No intuito de sintetizar a ideia, o CAE pode ser entendido como o Sistema Sonoro resultante da somatória de todas as fontes sonoras e suas interações com o ambiente. A forma como cada ouvinte percebe e interage com o CAE é de natureza profundamente subjetiva e individual, uma vez que cada ouvinte conta com uma história de vida, um sistema auditivo e também com uma posição espacial única na sala de concerto. Na mesma forma, o intérprete é parte integrante do CAE e também ouvinte.

A Fig. 5 mostra como cada Sistema Músico-Instrumento (SMI) transforma o CAE (Contexto Acústico Emergente), e o percebe. O conceito explicitamente inclui as interações com a sala (como reflexões e ressonâncias), embora não seja simples transpor essa ideia para a figura. De acordo com o ponto de vista teórico, a fig. 1.8 pode ser interpretada como um modelo de auto-organização primária.

28 Whence comes this product space? Its chief peculiarity is that it contains more than actually exists in the real physical world, for it is the latter that gives us the actual, constrained subset. (…) The real world gives the subset of what is; the product space represents the uncertainty of the observer. The product space may therefor change if the observer changes; and two observers may legitimately use different product spaces within which to record the same subset of actual events in some actual thing. The “constraint” is thus a relation between observer and thing; the properties of any particular constraint will depend on both the real thing and the observer. It follows that a substantial part of the theory of organization will be concerned with properties that are not intrinsic to the thing but are relational between observer and thing. We shall see some striking examples of this fact later.

Figura 1.8. O CAE, a partir da interação de vários SMIs, como modelo de auto-organização primária.
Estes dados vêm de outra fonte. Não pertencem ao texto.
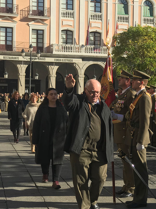 El saludo equivocado. Un hombre llamó la atención durante el acto de jura cuando, tras saludar a la bandera, alzó el brazo con el saludo fascista.

A maneira como cada músico percebe o CAE, já numa etapa superior de processamento da informação captada pelo aparelho auditivo, é determinada por hábitos, o que determina a escuta e a ênfase dada a cada elemento sonoro presente no CAE. Quais regiões cerebrais são ativadas depende de hábitos de escuta individuais, como mencionado acima nos trabalhos de (Altenmüller e Gruhn, 2002). Em suma, a maneira como cada indivíduo, ou já incluindo o instrumento como parte do processo, como cada SMI interagirá e processará as informações acústicas provenientes do CAE, pode ser entendido como um modelo de auto-organização secundária.